▶ _Source records_

▼

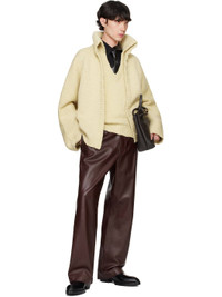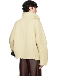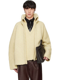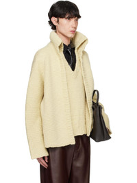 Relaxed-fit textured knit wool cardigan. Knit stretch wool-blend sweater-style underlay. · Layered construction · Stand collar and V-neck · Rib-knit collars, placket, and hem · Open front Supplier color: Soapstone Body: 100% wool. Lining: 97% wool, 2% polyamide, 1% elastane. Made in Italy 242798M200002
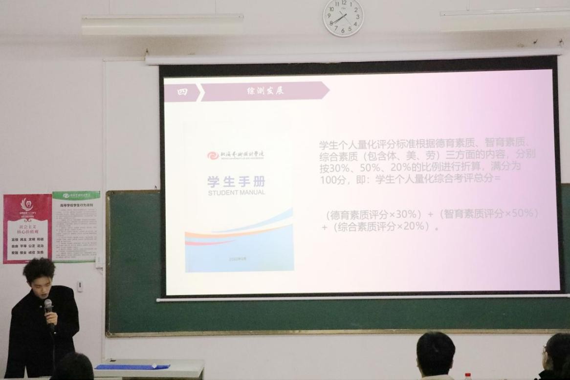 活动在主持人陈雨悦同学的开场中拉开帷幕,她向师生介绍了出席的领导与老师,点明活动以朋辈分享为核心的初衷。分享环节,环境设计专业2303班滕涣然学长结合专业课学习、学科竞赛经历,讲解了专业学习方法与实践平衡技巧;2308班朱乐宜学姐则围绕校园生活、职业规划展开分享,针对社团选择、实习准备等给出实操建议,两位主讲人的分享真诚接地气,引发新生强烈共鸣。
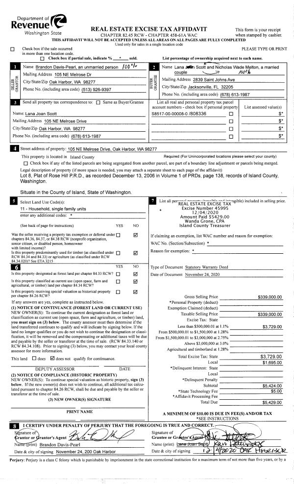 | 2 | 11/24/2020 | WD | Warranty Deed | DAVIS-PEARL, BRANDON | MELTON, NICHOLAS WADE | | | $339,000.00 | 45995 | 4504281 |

▲
▼

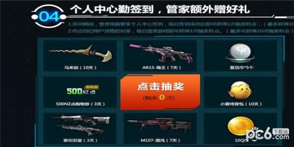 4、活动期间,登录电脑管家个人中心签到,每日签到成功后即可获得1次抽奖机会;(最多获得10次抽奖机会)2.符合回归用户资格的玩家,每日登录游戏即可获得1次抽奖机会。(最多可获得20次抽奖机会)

▲

Each line above from the one containing "活动在主持人陈雨悦同学的开场" through the one containing "45995 | 4504281 |" is to be returned verbatim. Nothing else, and no pictures.

▶ _Expected output_
 活动在主持人陈雨悦同学的开场中拉开帷幕,她向师生介绍了出席的领导与老师,点明活动以朋辈分享为核心的初衷。分享环节,环境设计专业2303班滕涣然学长结合专业课学习、学科竞赛经历,讲解了专业学习方法与实践平衡技巧;2308班朱乐宜学姐则围绕校园生活、职业规划展开分享,针对社团选择、实习准备等给出实操建议,两位主讲人的分享真诚接地气,引发新生强烈共鸣。
 | 2 | 11/24/2020 | WD | Warranty Deed | DAVIS-PEARL, BRANDON | MELTON, NICHOLAS WADE | | | $339,000.00 | 45995 | 4504281 |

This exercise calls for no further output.